> **Activity**:
Beginning with the line that contains "back in stock.", retype the entries below exactly, ending with the line that contains "ヒーロー風カッコイイあだ名 | 『仮面セイダー』『ネオセイイミ』 |". Leave out any pictures.

> **Materials provided**:

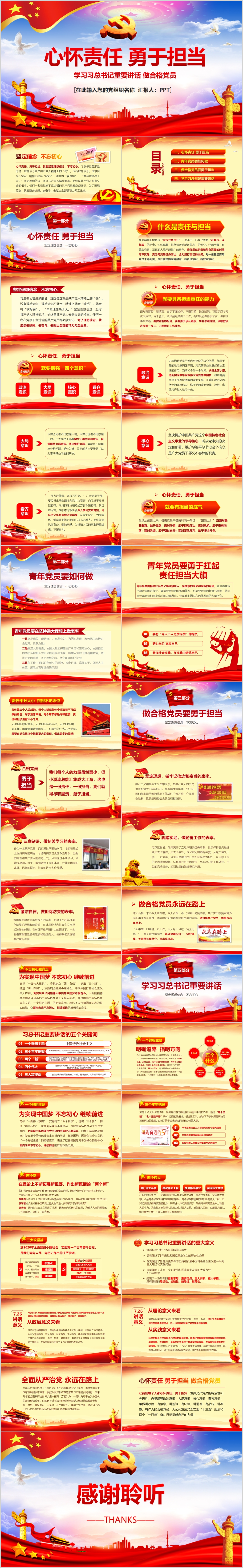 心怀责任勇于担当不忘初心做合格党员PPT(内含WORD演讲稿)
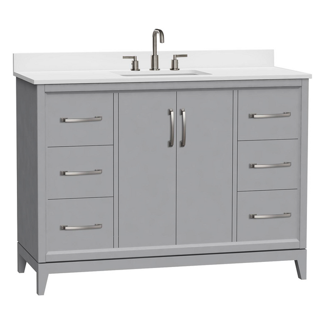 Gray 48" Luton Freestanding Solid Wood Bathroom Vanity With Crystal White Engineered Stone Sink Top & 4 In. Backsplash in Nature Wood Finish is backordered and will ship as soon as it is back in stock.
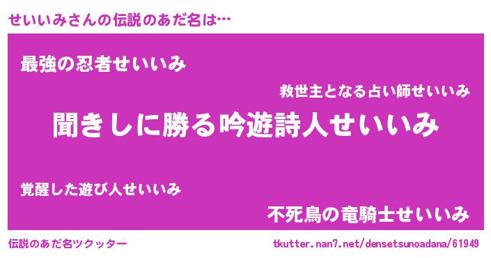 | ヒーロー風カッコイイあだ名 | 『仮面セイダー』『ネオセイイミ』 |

---

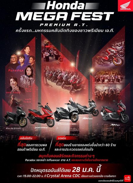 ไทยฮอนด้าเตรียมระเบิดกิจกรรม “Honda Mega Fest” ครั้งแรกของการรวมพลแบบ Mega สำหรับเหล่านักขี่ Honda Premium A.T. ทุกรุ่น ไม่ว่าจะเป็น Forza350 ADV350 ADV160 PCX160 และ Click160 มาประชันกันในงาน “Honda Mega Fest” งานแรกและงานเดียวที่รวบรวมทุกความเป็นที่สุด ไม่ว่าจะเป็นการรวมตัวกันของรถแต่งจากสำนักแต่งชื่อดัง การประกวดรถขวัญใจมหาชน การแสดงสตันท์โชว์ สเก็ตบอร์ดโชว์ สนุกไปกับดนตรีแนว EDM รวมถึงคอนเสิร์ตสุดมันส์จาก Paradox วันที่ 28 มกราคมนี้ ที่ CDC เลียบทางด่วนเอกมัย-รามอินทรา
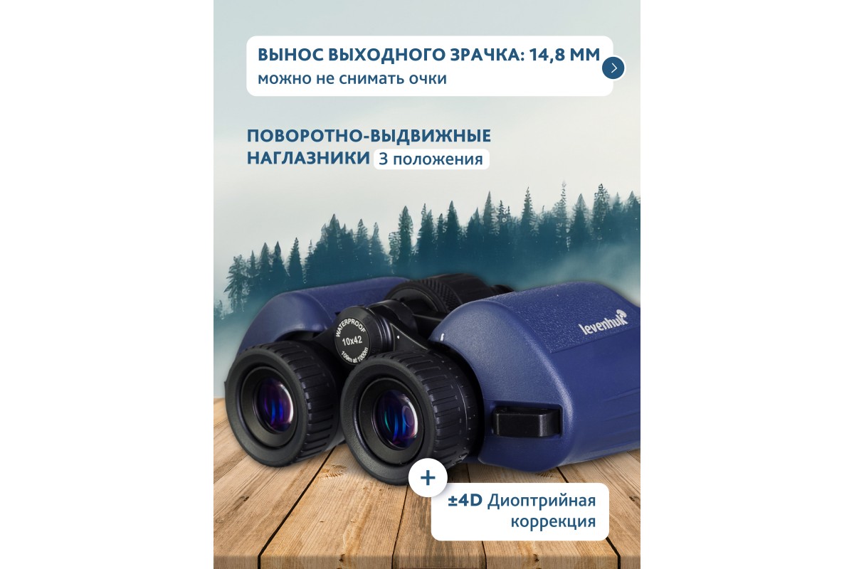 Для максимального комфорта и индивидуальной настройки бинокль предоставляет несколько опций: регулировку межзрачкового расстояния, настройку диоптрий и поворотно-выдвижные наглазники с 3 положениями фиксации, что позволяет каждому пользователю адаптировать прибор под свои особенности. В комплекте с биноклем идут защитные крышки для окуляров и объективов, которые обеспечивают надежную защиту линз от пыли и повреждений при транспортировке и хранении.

> **Exercise result**:
 Gray 48" Luton Freestanding Solid Wood Bathroom Vanity With Crystal White Engineered Stone Sink Top & 4 In. Backsplash in Nature Wood Finish is backordered and will ship as soon as it is back in stock.
 | ヒーロー風カッコイイあだ名 | 『仮面セイダー』『ネオセイイミ』 |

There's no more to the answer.